As expected, signal to noise is larger at the clear-sky (Dav2_Twr) site. We also see that SNR increases as a function of elevation. This mainly occurs because the GNSS antenna gain is strongest in the zenith direction.

We also see that no measurements can be found towards the North of the stations, this is because no GNSS satellites go over this area of the sky.

Finally, to the West, measurements are missing below elevations of about 20°. This is because the surrounding terrain and the mountains are cutting off the line of sight to the satellite.

Plotting observation points as time series

mySV = 'E03'
# get all sites as list
station_names = df.index.get_level_values('Station').unique()

fig, ax = plt.subplots(1,figsize=(10,5))
for i, iname in enumerate(station_names):
    # subset the dataset
    subdf = df.xs(iname,level='Station').xs(mySV,level='SV')
    # plot each measurement and color by signal to noise ratio
    hs = ax.plot(subdf.index.get_level_values('Epoch'),subdf.S1,label=iname)
    
myFmt = mdates.DateFormatter('%H:%M')
ax.xaxis.set_major_formatter(myFmt)
ax.set_ylabel('SNR (L1)')
ax.legend()
plt.title(mySV)

Text(0.5, 1.0, 'E03')

../_images/5ba42dc35a4d2e7bcd31455e90bfc7e0ae2e360e6f6fc203670a6c2318eda915.png

Here we see several interesting features. In the beginning, the SNR of the clear-sky antenna (Dav2_Twr) increases over time as the satellite gets closer to the zenith, then starts to decrease after passing zenith.

We also observe oscillations of the clear-sky signal. These are likely the result of ground multipath reflections. The ground reflected signal reaches the receiver with a delay, causing an either constructive (signal enhancement) or destructive (signal attenuation) interference, in alternance as the satellite rises in the sky.

Finally, we see that the signal is severely attenuated at the subcanopy site, as the satellite is obscured by more or less dense parts of the canopy. Around 00:00-02:00 the satellite likely was moving through a gap in the canopy and the signal strength is more or less the same at the two receivers.

Geostationary satellites

Some of the logged satellites are geostationary (meaning they stay in the same spot in the sky) and have an “S” as prefix. These are satellites of the regional Satellite-based Augmentation Systems (SBAS), here the European Geostationary Navigation Overlay Service (EGNOS). These satellites broadcast correction information calculated in real time, which improves positioning (if your GNSS receiver has the ability to receive it).

As they have a fixed position in the sky, they do not sample the whole canopy. As a result, their signals are much more constant over time.

mySV = ['S23','S36']
# get all sites as list
station_names = df.index.get_level_values('Station').unique()

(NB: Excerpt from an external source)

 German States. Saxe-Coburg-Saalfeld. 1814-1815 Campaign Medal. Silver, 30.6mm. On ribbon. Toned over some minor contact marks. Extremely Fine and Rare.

fig, ax = plt.subplots(len(mySV),figsize=(10,10))
for isv, svname in enumerate(mySV):
    for i, iname in enumerate(station_names):
        # subset the dataset
        subdf = df.xs(iname,level='Station').xs(svname,level='SV')
        # plot each measurement and color by signal to noise ratio
        hs = ax[isv].plot(subdf.index.get_level_values('Epoch'),subdf.S1,label=iname)
        
    myFmt = mdates.DateFormatter('%H:%M')
    ax[isv].xaxis.set_major_formatter(myFmt)
    ax[isv].set_ylabel('SNR (L1)')
    ax[isv].legend()
    ax[isv].set_title(svname)

../_images/aec3271c49fe62445051d8379b123c082b19d121aaede1bd69555b219ac2d101.png

Those measurements can be useful to diagnose other possible effects on SNR. For instance, the density of the atmosphere has an effect on SNR which can change over the day and will influence both stations similarly. The temperature of the sensing equipment (receiver, cables, antenna) can also vary over the day and have a small influence on SNR.

The plateaus occurs because the SNR is encoded as an integer on the Reach M2 receiver. We are logging data every second, but we averaged to 15 seconds during preprocessing, explaing why we also have intermediate values.

mySV = 'S27'
# get all sites as list
station_names = df.index.get_level_values('Station').unique()

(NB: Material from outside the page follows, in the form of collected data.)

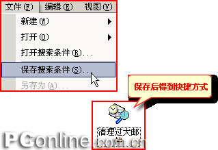 如果你要定期进行这样的查找工作,可以在查找结束之后,选择“文件->另存为”将查找设置保存为一个快捷方式,以后只要打开快捷方式就可以立刻进行Outlook 2002清理,而且不用启动Outlook 2002。图 11。
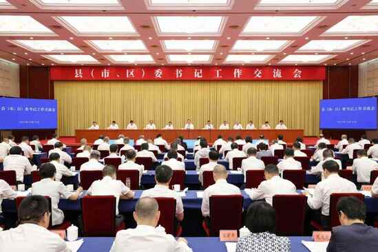 10月16日上午,省委召开县(市、区)委书记工作交流会。省委书记王浩出席会议并讲话。潮新闻记者 李震宇 摄16日上午,省委召开县(市、区)委书记工作交流会。省委书记王浩在会上强调,四季度是冲锋冲刺、决战决胜的攻坚季。要深入贯彻落实习近平总书记重要指示批示精神和考察浙江重要讲话精神,坚定扛起“经济大省挑大梁”的责任担当,牢牢扭住高质量发展建设共同富裕示范区这一核心任务,大力弘扬“六干”作风,扎实推进
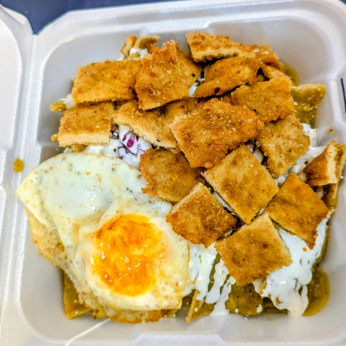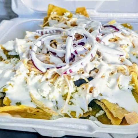 Totopos hechos en casa bañados y salteados en salsa roja o verde con acompañamientos: milanesa empanizada de pollo y huevo estrellado, cebolla, queso, crema y bolillo. porción generosa llena de sabor.

fig, ax = plt.subplots(1,figsize=(10,5))
for i, iname in enumerate(station_names):
    # subset the dataset
    subdf = df.xs(iname,level='Station').xs(mySV,level='SV')
    # plot each measurement and color by signal to noise ratio
    hs = ax.plot(subdf.index.get_level_values('Epoch'),subdf.S1,label=iname,marker='.',markersize=5)
    
myFmt = mdates.DateFormatter('%H:%M')
ax.xaxis.set_major_formatter(myFmt)
ax.set_ylabel('SNR (L1)')
ax.legend()
plt.title(mySV)

Text(0.5, 1.0, 'S27')

../_images/8f10022fdafd30967acdba9e3154e02b32fe9db87d197ce59e4af94da94fa4a7.png

For this geostationary satellite, there is an outlier at about 22:30 for Dav2_Twr, causing a rather awkward time series.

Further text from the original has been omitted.